Gasoline is roughly 6 lbs/gallon, so that's 30 lbs plus the weight of the container and brackets. Water is a bit over 8 lbs/gallon, so my two 3 liter jugs add another 13 lbs. So figure about 50 lbs added where a passenger would normally sit, plus about that again sitting lower down in the saddlebags.

Yes, you do notice the weight, but it's really not that bad. Remember, the bike is set up for doing serious distance rather than track days, although I can still strafe corners with the best of them. It just means that I have my choice of several states to choose from when searching out the twisty roads. :)

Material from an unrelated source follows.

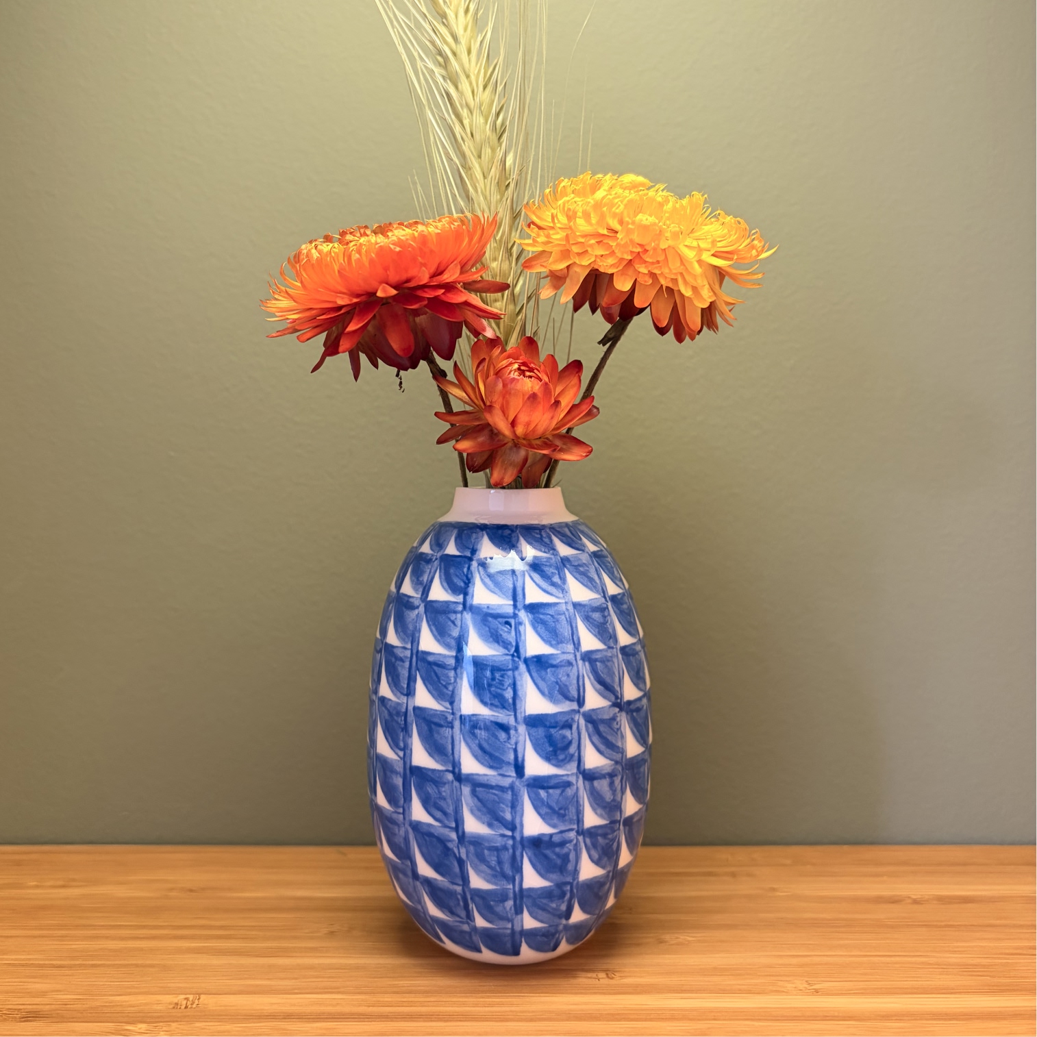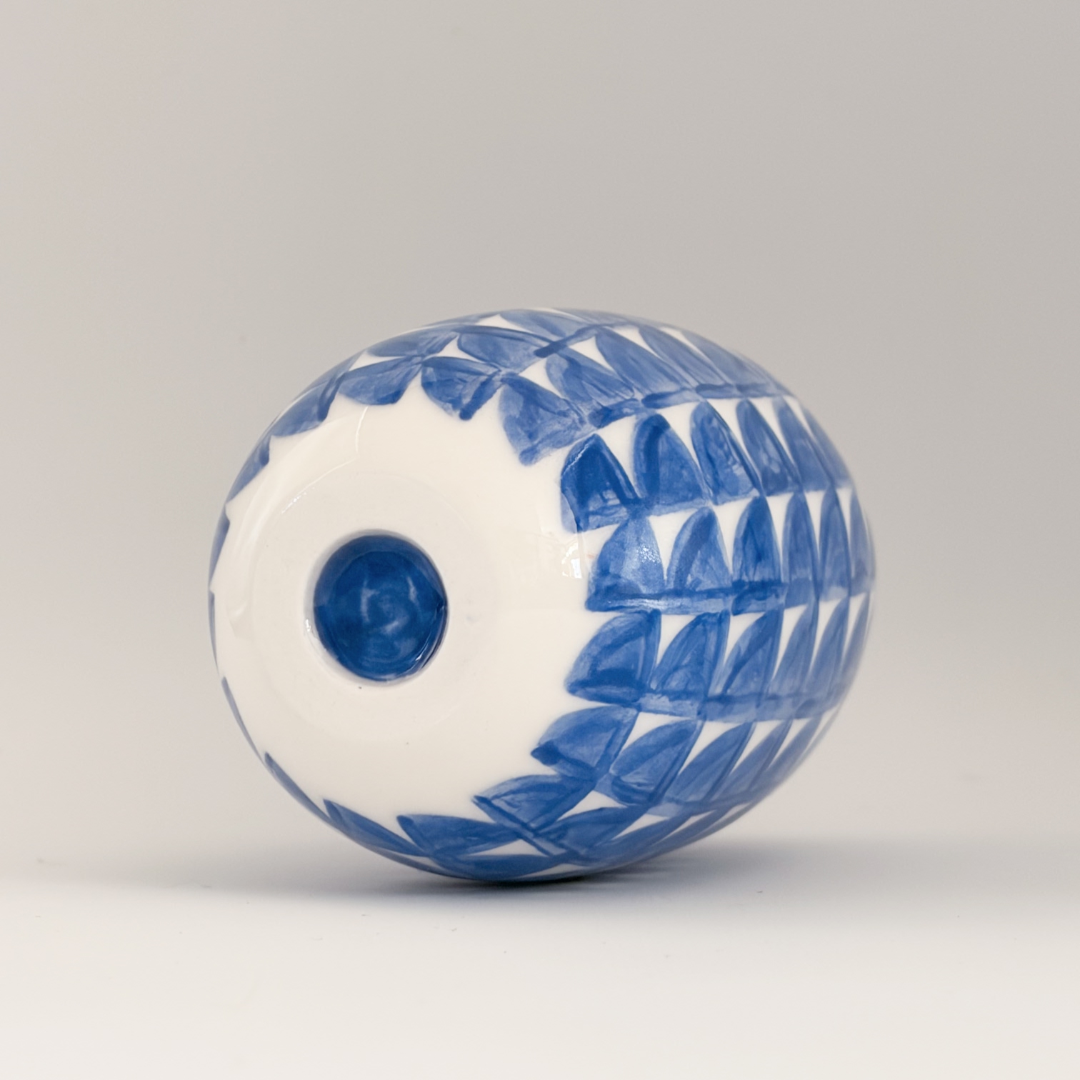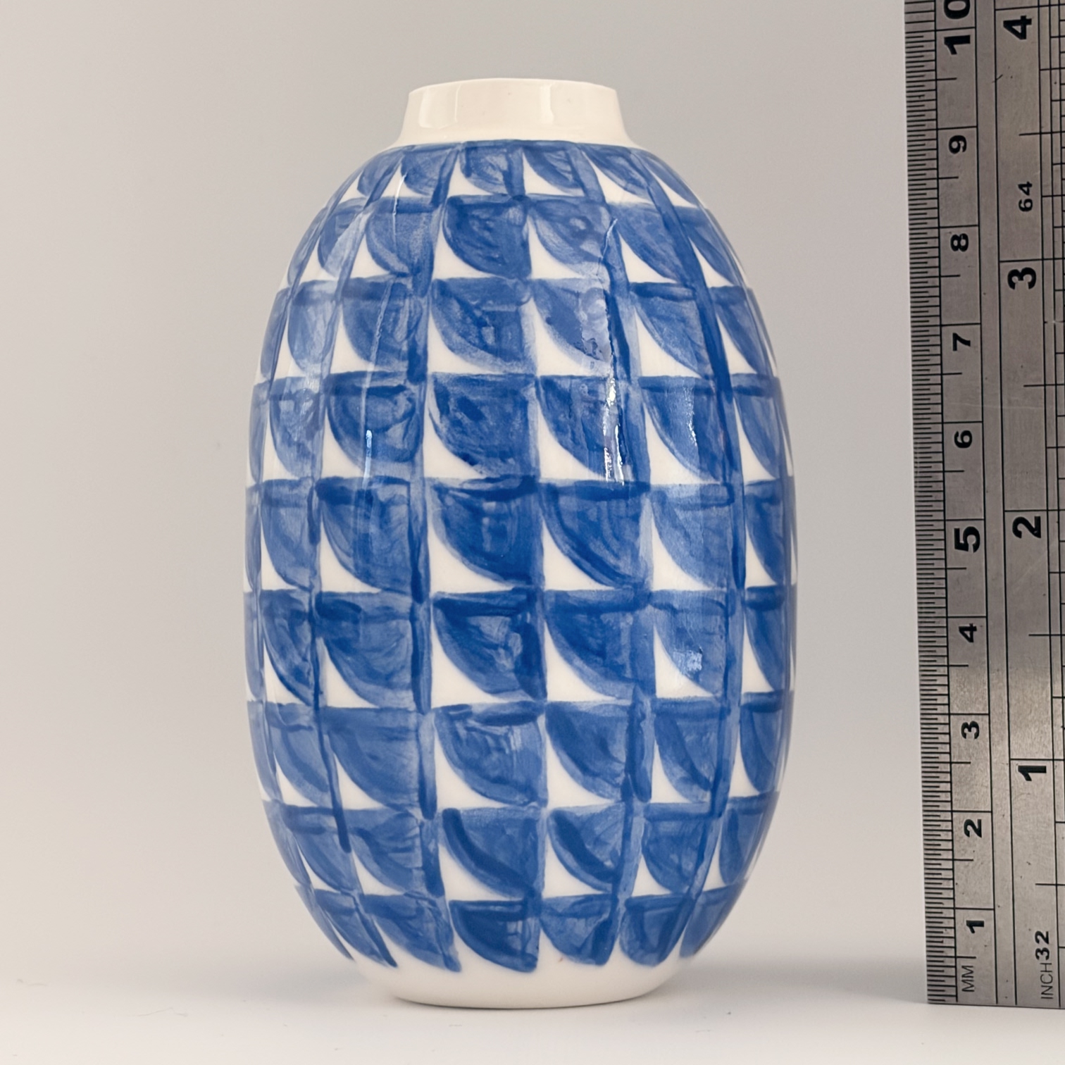 Small porcelain vase with a decoration of rounded blue squares, painted with lots of care and dipped in a glossy transparant glaze.
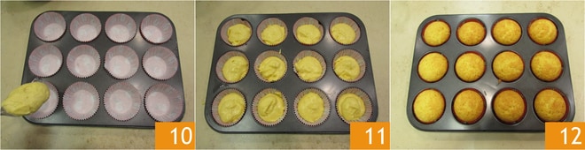 Forra una bandeja de muffin de 12 con los moldes de papel, luego llénalos con aproximadamente 50 g de masa cada uno ayudándote con una cuchara 11 12. Antes de hornear, golpea varias veces la bandeja en la mesa de trabajo, de esta manera nivelarás cuidadosamente la superficie y obtendrás cupcakes hinchados pero con la superficie plana. Hornea en horno caliente a 180° durante unos 25-30 minutos, luego procede con la segunda hornada: con estas dosis obtendrás aproximadamente 24 cupcakes. Una vez cocidos, déjalos enfriar a temperatura ambiente antes de decorarlos 12.

I did add the foam insert into the fuel cell to minimize sloshing from a half-empty tank, which can be disconcerting when in the middle of a tight, fast corner. Ever had a passenger squirming around on you?

I looked at several mounting options, and decided to remove the passenger seat entirely. I thought about mounting the fuel cell to a spare passenger seat that was cut up, but the seat pans are plastic plus that would have made the whole package sit higher. This way, I get a solid mount and the cell sits lower so that I can still open my trunk fully. Plus a few yards of metal stock was cheaper than another passenger seat.

To cover up the under-seat electronics, I simply got a yard of vinyl from a local fabric store and cut out a rough cover. I laid it over the mounting brackets, then tucked the edges in around the silver side panels. The tank mounts above this vinyl panel. This kept everything dry through some serious rain all the way from Toronto to Boston. I used the left-over vinyl and an old camp sleeping pad to make a simple back rest.

I made it all removable since my wife still rides with me, although not on the crazy IronButt rides. :) I can remove/replace the whole setup in about 20 minutes. I also didn't make any permanent modifications to the bike, except for the gas tank inlet hole which can be easily plugged.

Overall, I'm quite pleased with the project, especially since I threw it together in a couple of long days at my friend's shop. If I redid it, I might use the passenger seat mounts instead of bolting everything down to the frame, but that would just mean it was simpler to take off and replace.

It did take me a while to get used to the 450-mile range though. For the first few tanks, my body was expecting to stop at about 250 miles and I had to retrain myself to stay comfortable in the saddle for another 3 hours longer. :)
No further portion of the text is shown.